→ Problem requirements
Transcribe the listing exactly as written. Leave the images out.

→ Source material
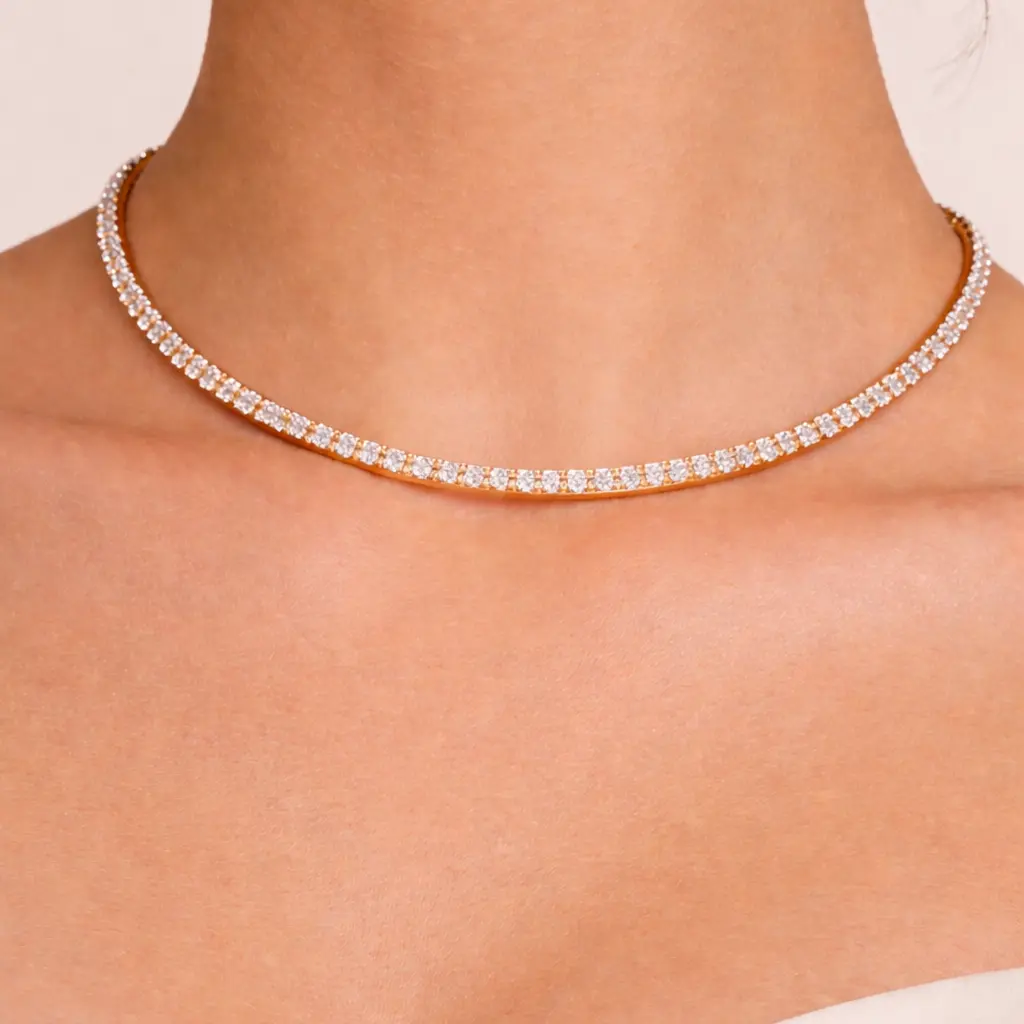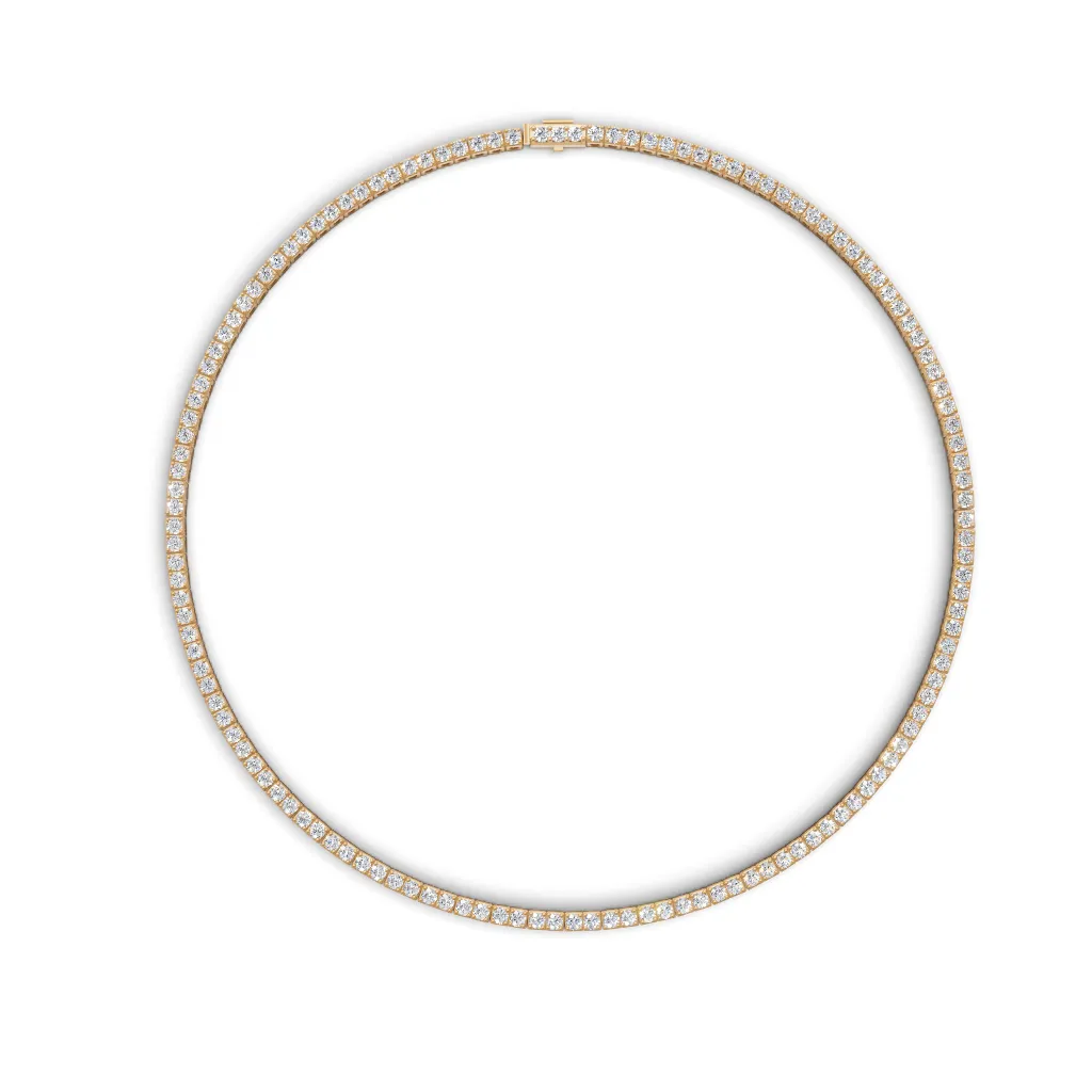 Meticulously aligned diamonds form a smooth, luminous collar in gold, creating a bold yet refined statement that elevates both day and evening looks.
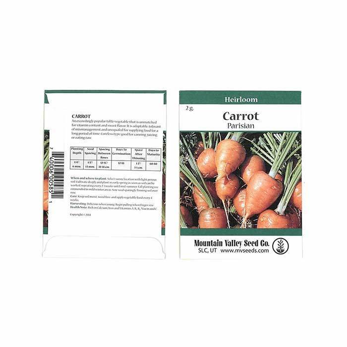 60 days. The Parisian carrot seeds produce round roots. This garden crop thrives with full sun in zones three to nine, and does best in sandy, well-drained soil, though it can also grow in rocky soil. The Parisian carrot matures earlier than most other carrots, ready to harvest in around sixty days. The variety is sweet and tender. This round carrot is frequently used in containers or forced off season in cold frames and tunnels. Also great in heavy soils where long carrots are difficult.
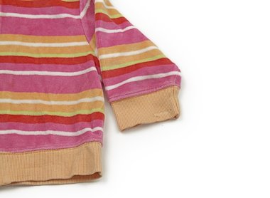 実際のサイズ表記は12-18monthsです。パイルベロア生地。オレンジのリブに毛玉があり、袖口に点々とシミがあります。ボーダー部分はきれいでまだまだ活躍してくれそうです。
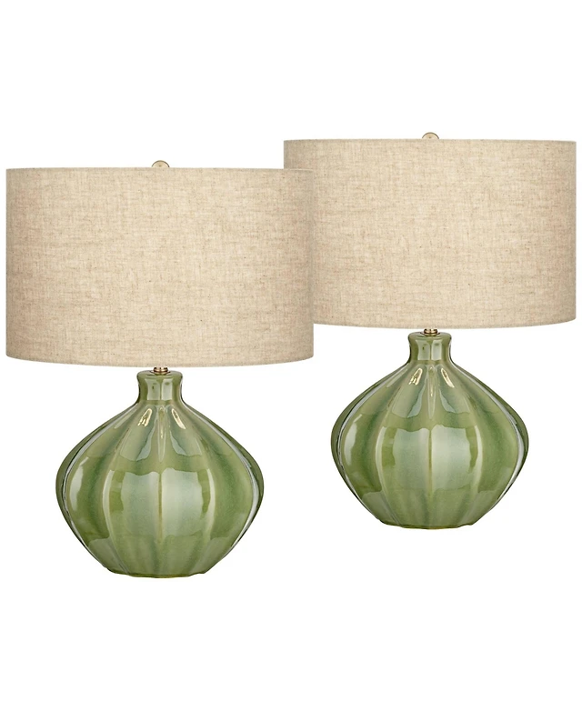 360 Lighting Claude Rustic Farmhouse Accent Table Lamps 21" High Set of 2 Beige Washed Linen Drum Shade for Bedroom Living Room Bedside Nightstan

→ Exercise solution
 Meticulously aligned diamonds form a smooth, luminous collar in gold, creating a bold yet refined statement that elevates both day and evening looks.
 60 days. The Parisian carrot seeds produce round roots. This garden crop thrives with full sun in zones three to nine, and does best in sandy, well-drained soil, though it can also grow in rocky soil. The Parisian carrot matures earlier than most other carrots, ready to harvest in around sixty days. The variety is sweet and tender. This round carrot is frequently used in containers or forced off season in cold frames and tunnels. Also great in heavy soils where long carrots are difficult.
 実際のサイズ表記は12-18monthsです。パイルベロア生地。オレンジのリブに毛玉があり、袖口に点々とシミがあります。ボーダー部分はきれいでまだまだ活躍してくれそうです。
 360 Lighting Claude Rustic Farmhouse Accent Table Lamps 21" High Set of 2 Beige Washed Linen Drum Shade for Bedroom Living Room Bedside Nightstan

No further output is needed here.